The current State Land Board members are Governor Tina Kotek, Secretary of State LaVonne Griffin-Valade and State Treasurer, Tobias Read. However, most of the damage was done during Kate Brown’s eight years as governor, 2015-2023. Read was elected in 2017. Griffin-Valade was appointed by Kotek last June. 

Oregon's attempt to “decouple” the Elliott State Forest from the Common School Fund for pennies on the dollar caught the attention of Advocates for School Trust Lands [ASTL], a national 501 C(3) nonprofit dedicated to making sure that School Trust Lands are used for schools. 

ASTL recruited students, parents and school districts as co-plaintiffs and filed a Civil Complaint in the Coos County Circuit Court. Presiding Judge Andrew Combs conducted a hearing on January 29. More information on this lawsuit is available at www.oastl.org/legal

Judge Combs issued a ruling in late February that attempts to dismiss the lawsuit.

“We will appeal his decision,” Sullivan said in a March 1st email to me. “Oregon has done a superb job of setting up barriers to prevent anyone from being able to sue it, such as legislative immunity, sovereign immunity, no associative standing, and strict deadlines for any tort action. Nonetheless, I expect we will eventually prevail. What Oregon has done is such blatant theft from the Common School Fund, the facts should overcome Oregon’s judicial roadblocks as the case winds it way up to the Supreme Court."

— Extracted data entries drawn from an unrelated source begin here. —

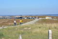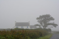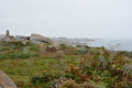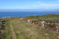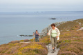Parfois un ou deux mini-bus déversent un lot de touristes ; mais la plupart du temps, en-dehors des chemins carrossables, nous sommes seuls ou presque. |  |  Lendemain ; la marche se déroule toute la journée dans la brume et un petit crachin. |  Circuit prévu : la côte Nord-Est, de Corn Héré jusqu'au phare du Stiff. Et retour, bien entendu. |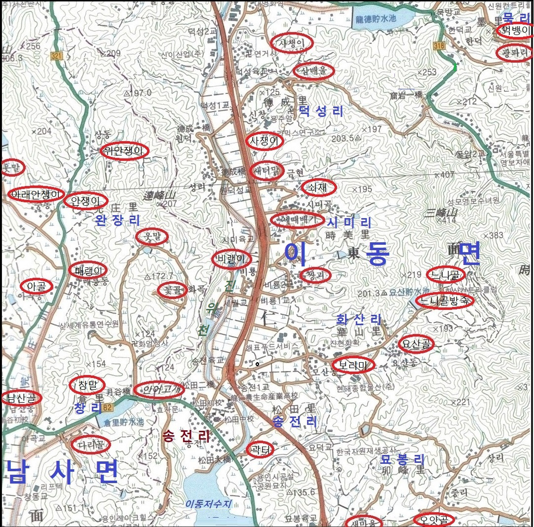 덕성골(德成) 마을 용인군 이동면 덕성리 덕성리.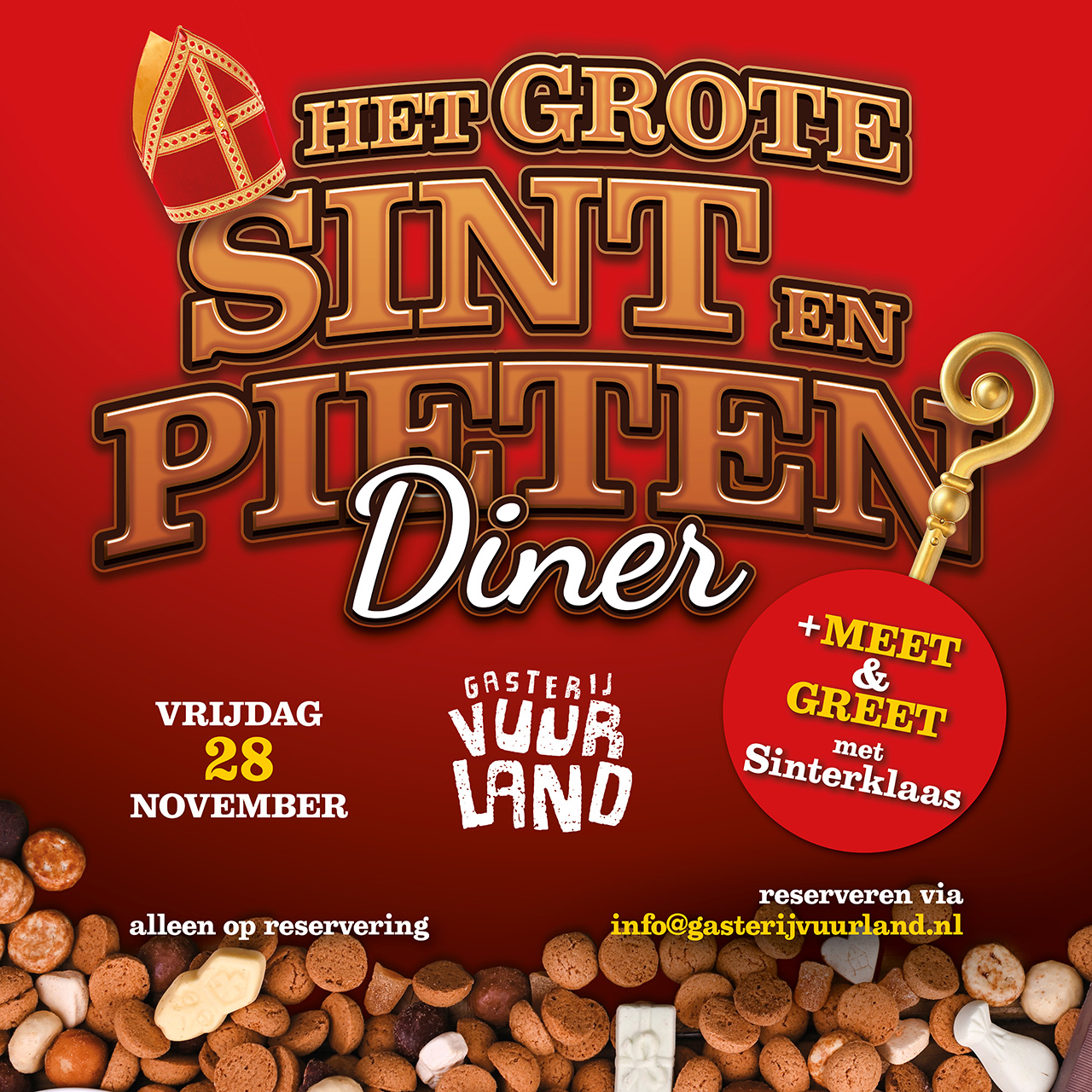 Op vrijdag 28 november is Sinterklaas met zijn pieten bij Gasterij Vuurland voor het Grote Sint- en Pietendiner. Speciaal voor de kleinste gasten is er tussen 17:30 en 18:30 uur een Meet and Greet met Sinterklaas. Dineren kan a la carte met de prijs die je van ons gewend bent.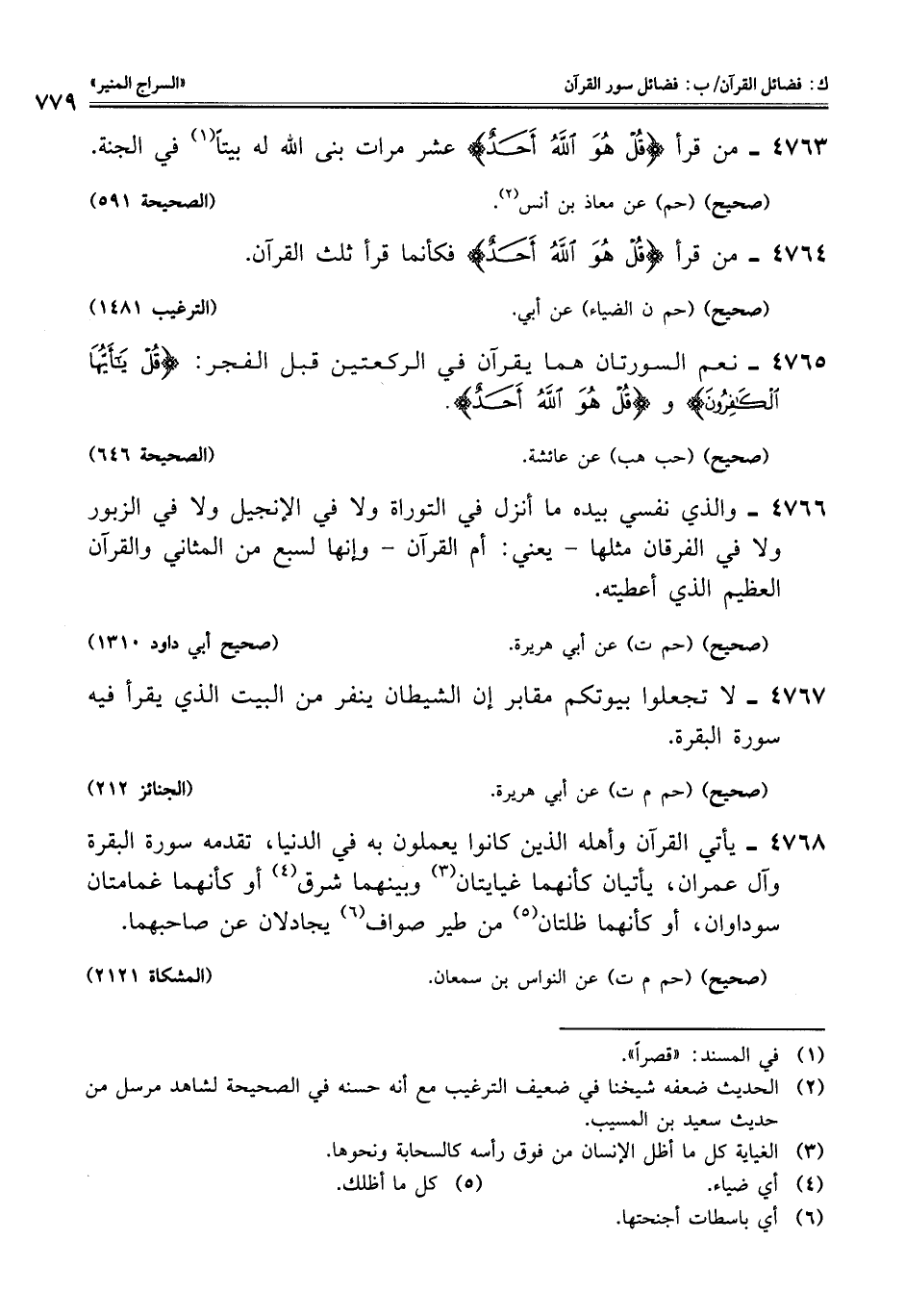 4763 - من قرأ {قُلْ هُوَ اللَّهُ أَحَدٌ} عشر مرات بنى اللَّه له بيتًا (¬1) في الجنة.

Sullivan believes sunshine remains the best disinfectant for this charade. The more Oregonians learn about the Land Board’s unconstitutional activities, the more this mess stinks to high heaven.”

OSU President Murthy left the door open to further discussions with the Land Board because she sees great potential in the Elliott as envisioned in Senate Bill 1546, which lays out a plan for the management and administration of the proposed research forest, but she noted that the cumulative effect of compromises with preservationist groups eroded the research viability of the forest and, with it, “the ability to serve the public good.”

 Her conclusion:
“Several partners and stakeholders now stand in opposition, and OSU is no longer able to participate as we had hoped.”